In mechanistic interpretability, this same phenomenon is called superposition.
Superposition in neural networks
When models represent more features than they have dimensions by encoding multiple features in the same direction. Features are stored as nearly-orthogonal vectors rather than perfectly orthogonal ones, creating “interference” between features.
Toy Models of Superposition shows this emerges naturally when models need to represent more features than they have capacity for. Features organize into geometric structures (digons, triangles, pentagons) to minimize interference while maximizing the number of features represented.
Read
From Neel Nanda’s mechinterp glossary:
- Superposition is when a model represents more than n features in an n dimensional activation space. That is, features still correspond to directions, but the set of interpretable directions is larger than the number of dimensions. Intuitively, this is the model simulating a larger model
- This set of >n directions is sometimes called an overcomplete basis. (Notably, this is not a basis, because it is not linearly independent)

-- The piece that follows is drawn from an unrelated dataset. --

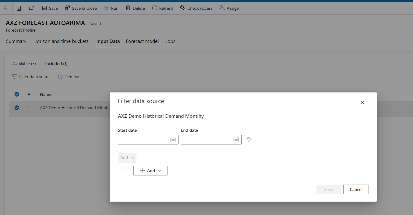 La siguiente opción es usar el AML de FO, esto es necesario si hemos estado usando la funcionalidad anterior de Demand Forecasting en FO y queremos seguir usando el mismo modelo. Los parámetros que aparecen son los que se configuran directamente en la solución antigua de FO:

- A key consequence is that if superposition is being used, there cannot be an interpretable basis. In particular, features as neurons cannot perfectly hold.
- Sparse coding is a field of maths that finds techniques to find an overcomplete basis for a set of vectors such that each vector is a sparse linear combination of these basis vectors.
- Importantly, if we try to read each feature vs projecting onto some direction, these cannot all be orthogonal, so we cannot perfectly recover each feature.
- Equivalently, because any set of >n directions is not linearly independent, any activation can be written as infinitely many different linear combination of those directions, and so can’t be uniquely interpreted as a set of features.
- There are two kinds of superposition worth caring about in a transformer: (these terms are how I think about it, but are not standard notation)
- Bottleneck superposition - this is when a bottleneck dimension experiences superposition. (Eg keys, queries, the residual stream, etc)
- This is not very surprising! If there’s 50,000 tokens in the vocabulary and 768 dimensions in the residual stream, there almost has to be more features than dimensions, and thus superposition.
- Intuitively, bottleneck superposition is just used for “storage”, bottleneck dimensions are intermediate states of linear maps and we do not expect them to be doing significant computation.
- Neuron superposition - this is when neuron activations experience superposition. Ie, there are more features represented in neuron activation space than there are neurons.
- Intuitively, neuron superposition represents doing computation in superposition - using n non-linearities to do some processing that outputs more than n features.
- Intuitively, bottleneck superposition is easier than neuron superposition - the only interference to care about is when projecting onto a feature direction is other features with non-zero dot product with that direction. While in neuron superposition, if one neuron has significant contribution from multiple features, then if one of those feature changes then that will affect all the other features in a weird and messy way.
- Is this actually harder to deal with in practice for a model? I have no idea! This is a pretty open question.
- Neuron polysemanticity is the idea that a single neuron activation corresponds to multiple features. Empirically we might observe that, a neuron activates on multiple clusters of seemingly unrelated things like pictures of dice and pictures of poets.
- Subtlety: Neuron superposition implies polysemanticity (since there are more features than neurons), but not the other way round. There could be an interpretable basis of features, just not the standard basis - this creates polysemanticity but not superposition.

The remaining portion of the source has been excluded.